[Records from a data collection]
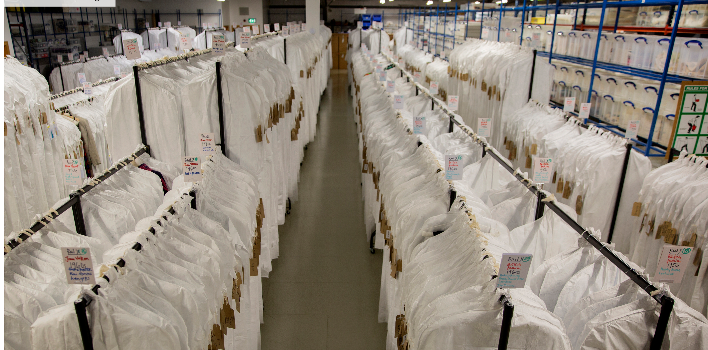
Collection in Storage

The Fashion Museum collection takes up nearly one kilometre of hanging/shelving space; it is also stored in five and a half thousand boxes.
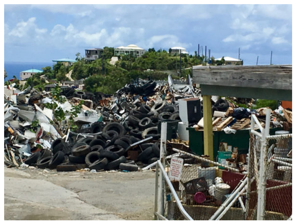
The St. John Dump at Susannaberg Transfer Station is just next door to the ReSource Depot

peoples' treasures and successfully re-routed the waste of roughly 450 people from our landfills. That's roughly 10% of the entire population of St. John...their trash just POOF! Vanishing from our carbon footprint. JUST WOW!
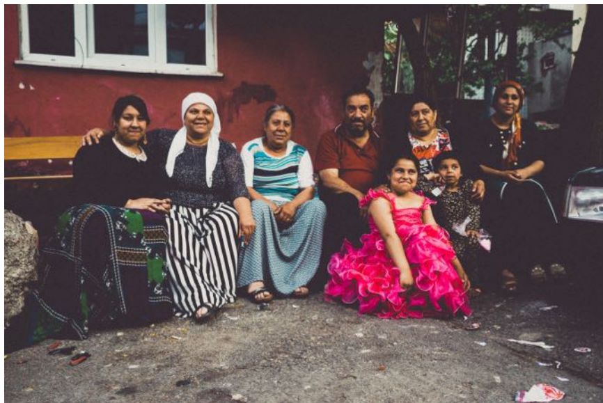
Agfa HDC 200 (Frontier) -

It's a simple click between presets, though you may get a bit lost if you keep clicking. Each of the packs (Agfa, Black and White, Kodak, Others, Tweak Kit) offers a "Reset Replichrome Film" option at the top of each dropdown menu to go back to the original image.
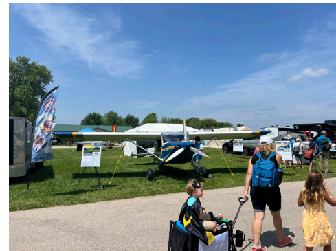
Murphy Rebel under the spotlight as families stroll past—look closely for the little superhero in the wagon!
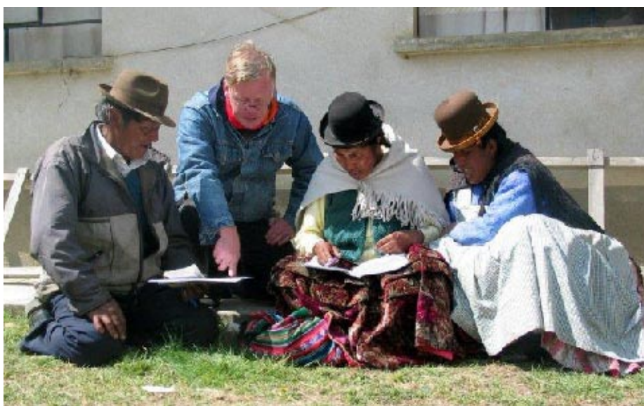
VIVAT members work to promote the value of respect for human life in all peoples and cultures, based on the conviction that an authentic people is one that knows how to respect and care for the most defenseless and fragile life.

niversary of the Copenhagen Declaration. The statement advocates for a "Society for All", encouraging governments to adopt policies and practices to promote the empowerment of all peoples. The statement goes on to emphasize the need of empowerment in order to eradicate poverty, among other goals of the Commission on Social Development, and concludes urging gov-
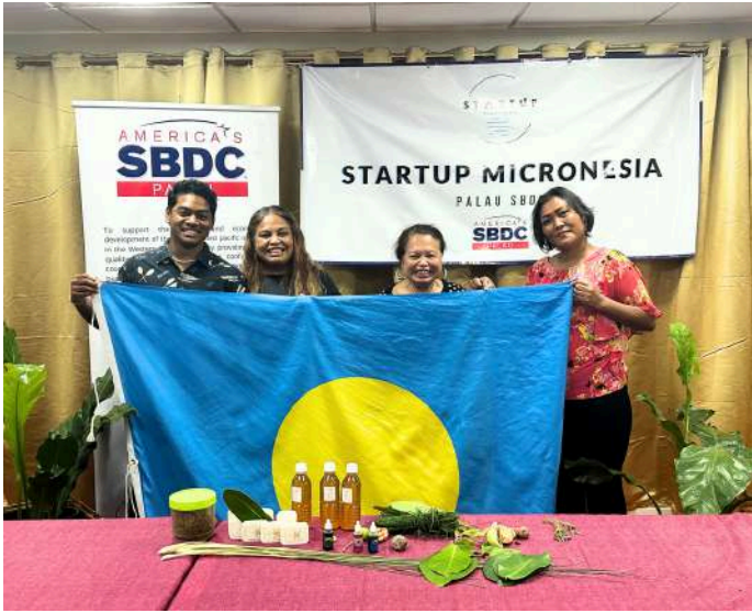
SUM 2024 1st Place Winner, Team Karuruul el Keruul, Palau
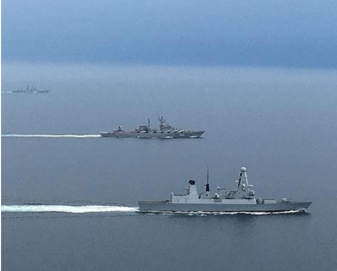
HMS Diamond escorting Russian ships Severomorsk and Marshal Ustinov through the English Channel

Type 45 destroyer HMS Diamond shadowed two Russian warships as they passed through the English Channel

Work request — Print an exact copy of the lines above, from the one containing "VIVAT members work" through the one containing "SUM 2024 1st", and leave out the pictures.

Exercise result —
VIVAT members work to promote the value of respect for human life in all peoples and cultures, based on the conviction that an authentic people is one that knows how to respect and care for the most defenseless and fragile life.

niversary of the Copenhagen Declaration. The statement advocates for a "Society for All", encouraging governments to adopt policies and practices to promote the empowerment of all peoples. The statement goes on to emphasize the need of empowerment in order to eradicate poverty, among other goals of the Commission on Social Development, and concludes urging gov-
SUM 2024 1st Place Winner, Team Karuruul el Keruul, Palau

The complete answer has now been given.